Work instructions >>
Please transcribe every record below exactly, leaving out the pictures.

Records for this task >>
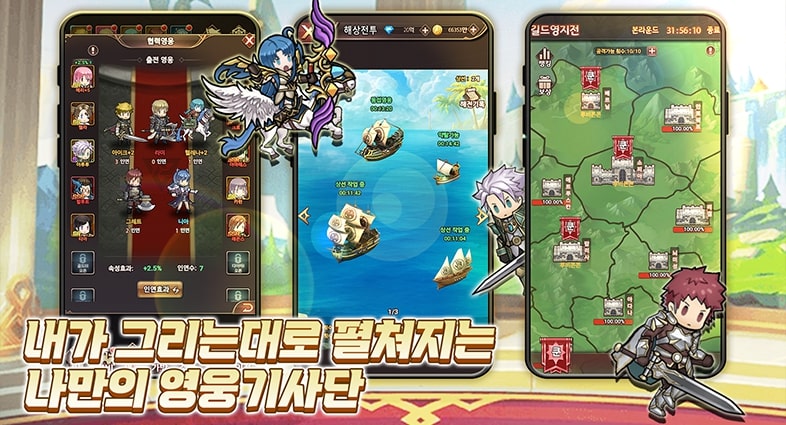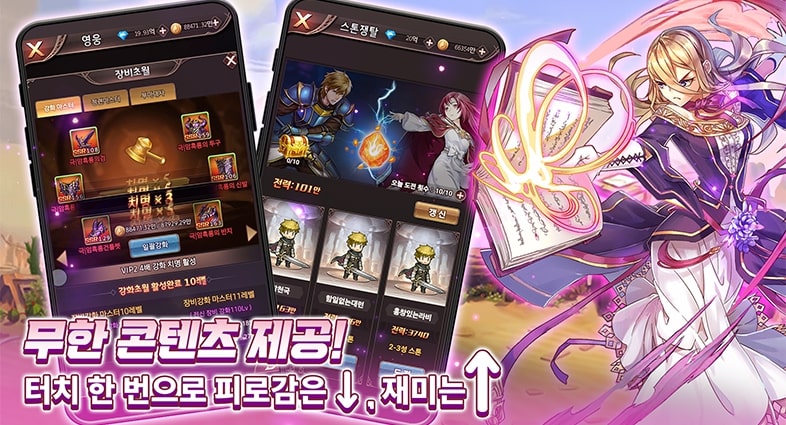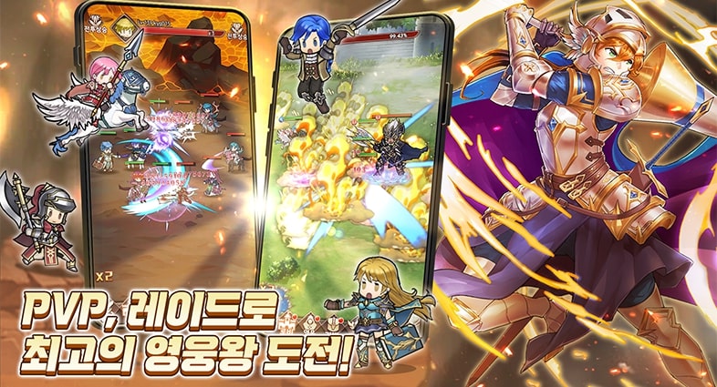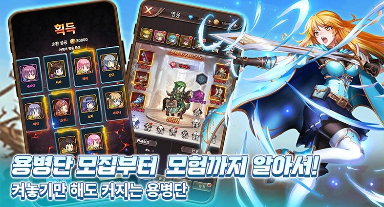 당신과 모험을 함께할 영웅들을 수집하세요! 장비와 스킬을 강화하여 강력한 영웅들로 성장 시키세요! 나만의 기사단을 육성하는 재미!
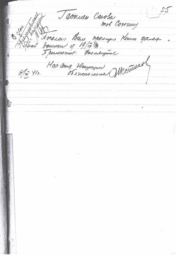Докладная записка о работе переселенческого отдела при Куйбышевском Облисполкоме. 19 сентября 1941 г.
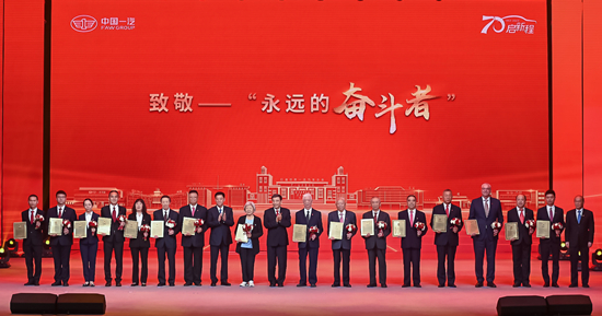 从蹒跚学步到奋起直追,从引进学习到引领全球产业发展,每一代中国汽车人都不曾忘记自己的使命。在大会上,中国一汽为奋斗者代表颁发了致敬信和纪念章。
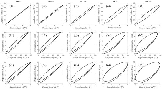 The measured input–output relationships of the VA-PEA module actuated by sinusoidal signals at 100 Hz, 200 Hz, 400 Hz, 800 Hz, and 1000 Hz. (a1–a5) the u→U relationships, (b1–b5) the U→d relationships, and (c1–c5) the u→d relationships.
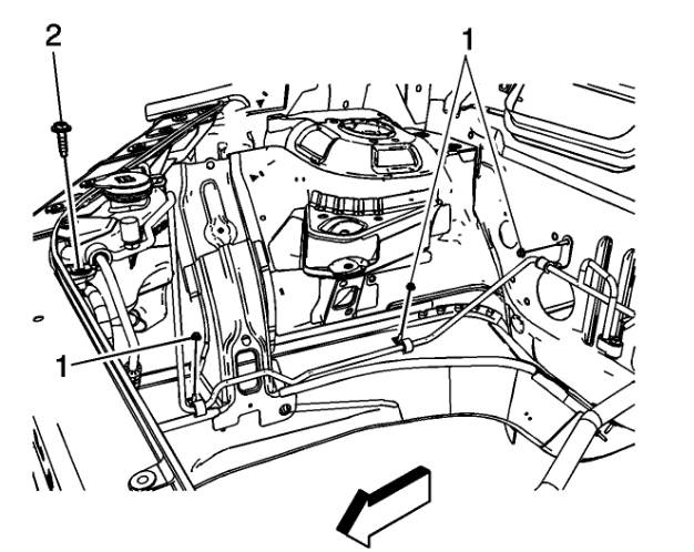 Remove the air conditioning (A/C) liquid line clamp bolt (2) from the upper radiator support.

Answer box >>
 당신과 모험을 함께할 영웅들을 수집하세요! 장비와 스킬을 강화하여 강력한 영웅들로 성장 시키세요! 나만의 기사단을 육성하는 재미!
Докладная записка о работе переселенческого отдела при Куйбышевском Облисполкоме. 19 сентября 1941 г.
 从蹒跚学步到奋起直追,从引进学习到引领全球产业发展,每一代中国汽车人都不曾忘记自己的使命。在大会上,中国一汽为奋斗者代表颁发了致敬信和纪念章。
 The measured input–output relationships of the VA-PEA module actuated by sinusoidal signals at 100 Hz, 200 Hz, 400 Hz, 800 Hz, and 1000 Hz. (a1–a5) the u→U relationships, (b1–b5) the U→d relationships, and (c1–c5) the u→d relationships.
 Remove the air conditioning (A/C) liquid line clamp bolt (2) from the upper radiator support.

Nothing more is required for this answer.